Está claro que Blanco Calderón no es el único escritor que siente una fuerte atracción por la palabra, pero es uno de los pocos que la convierte en el tema de su novela…

–Tengo la impresión – comenta el escritor – de que a veces en el contexto venezolano el trabajo literario que hago se describe de esa manera, como si fuese una particularidad mía. Habría que ver en qué medida esto es cierto. Prefiero inscribirme en una corriente más amplia y  tradicional de la literatura que habla sobre la literatura, la literatura que habla del oficio del escritor, del oficio de la lectura y que, por supuesto, conlleva a una reflexión sobre el lenguaje.

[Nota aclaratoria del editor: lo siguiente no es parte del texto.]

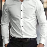 Camisa de vestir de manga larga con cuello con botones con diamantes para hombres, suave y transpirable, para uso formal, casual o de boda, para padrinos
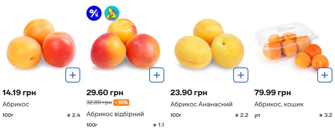 Вартість абрикосів у “Сільпо” (скриншот silpo.ua)

–Autores como Roberto Bolaño, Ricardo Piglia y Fernando Vallejo, por mencionar tres escritores latinoamericanos contemporáneos – continúa el escritor – son ejemplos de que se trata de una tradición anterior. Pero primero tienes el caso de Borges, el caso de Cervantes, e incluso puedes remontarte hasta la Ilíada. Todas las obras que yo considero importantes no cuentan sólo una historia sino que tienen una cuota de autoreflexión; la reflexión que hace el autor sobre el propio acto de narrar y lo que implica en la sociedad. Esa es la tradición literaria que me ha marcado como lector y  ha sido natural que eso se haya filtrado en mi escritura.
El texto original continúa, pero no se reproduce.